ハローワークに溢れる偽装求人情報とミスマッチ

就職説明会や面接で聞いていた労働条件や業務内容と入社後の実態が乖離していることはしばしば問題になるが、国(厚生労働省)が設置する行政機関であるハローワークにて紹介される求人情報でさえ偽りだらけであるので日本の労働者(求職者?)には救いようがないと感じる。


厚労省への苦情は年間8000件 ハローワークは“偽装求人”だらけ
http://headlines.yahoo.co.jp/hl?a=20140130-00000013-nkgendai-life

試用期間が予定よりも長い、休日は土日祝の予定だったのに日曜日しか休みがない、給料が事前に提示されていた金額よりも安い、正社員採用のはずだったのに何故か契約社員扱いになっていた、厚生年金・健康保険加入とあったのに国民年金・国民健康保険への加入を進められた、残業代全額支払いのはずが定額しか出ない、など挙げれば切りがない。



本来であればこういった偽装求人が発覚した時点で会社側へ制裁を加えたり以後の求人情報掲載を禁止にする等の厳しい対応が必要だと思われるが、現実にはそんなことはなくハローワークの審査(そもそも審査しているのかどうかすら怪しい)がザル過ぎるために偽装求人に騙される被害者が後を立たない。

以前には偽装求人どころか詐欺会社の求人が掲載されており、ハローワークの紹介を受けて就職した女性が有罪判決を受けてしまうという信じられない事件もあった。ここまで来ると偽装求人なんて大したことないのではないかと勘違いしてしまいそうで怖くなる。



まあ、そもそも本気で人が欲しいと思っている会社であればきっちりお金を出して民間の就職支援サービスを利用するはずなので、利用にお金がかからないハローワークには自ずと採用意欲の低い会社(=労働者を軽んじている)ばかりが溢れることになり偽装求人が後を絶たないのだろう。

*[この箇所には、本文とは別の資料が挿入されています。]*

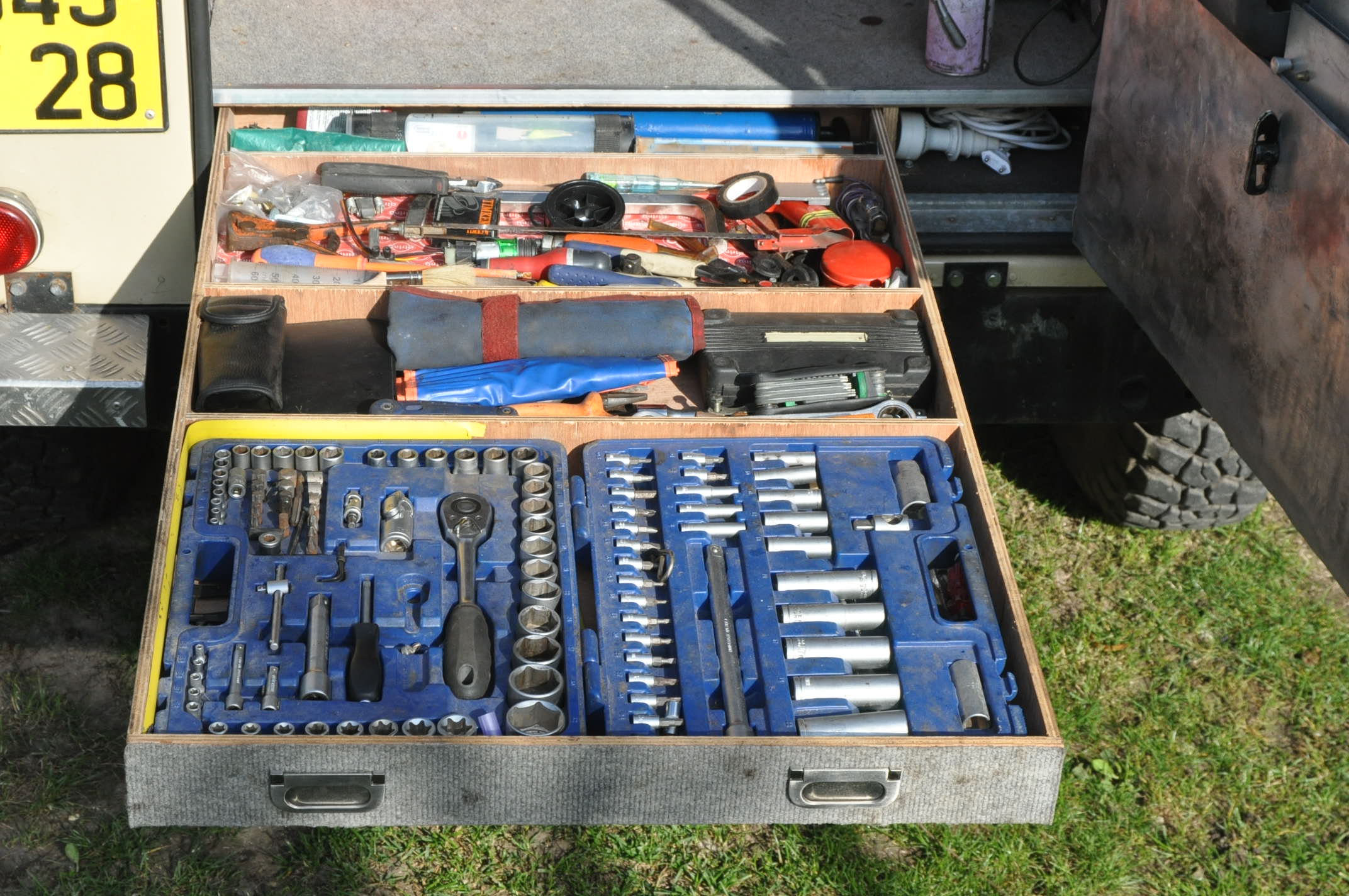 Je n'ai qu'une caisse à outils, qui se trouve dans le véhicule avec moi, ou dans mon atelier sur une table à roulettes. Ainsi, au fur et à mesure que j'ajoute des outils ou que j'en lève ceux qui ne me servent jamais, je sais qu'à tout instant, cette caisse suffit à faire tout ce que je pourrais être amené à faire, que ce soit sur la route, ou chez moi. Et comme je m'en sers régulièrement, les outils fragiles sont partis, et les outils manquants sont remplacés.

また、意図的に偽装求人を掲載し労働者を釣ろうとしている会社もあるかもしれない。入社後に実態が判明したとしても労働者は自身の履歴書・職務経歴書を汚さないためにも即辞めるという決断がなかなかできないので、そういった労働者が低待遇で会社に残ってくれれば会社としては儲けものなのである。



昨日、「ミスマッチを防ぐ大阪産業大学・法政大学の就職活動支援」という労働者と会社のミスマッチについての記事を書いたが、本当にミスマッチしているのはハローワークも含めて「求人票記載の内容・就職説明会での説明内容」と「実際の労働条件・労働環境」なのは間違いない。

少なくとも、行政機関であるハローワークには責任を持って求人情報の精査に取り組んでもらって求人情報と実態とのミスマッチをなくすように努めて欲しいと思う。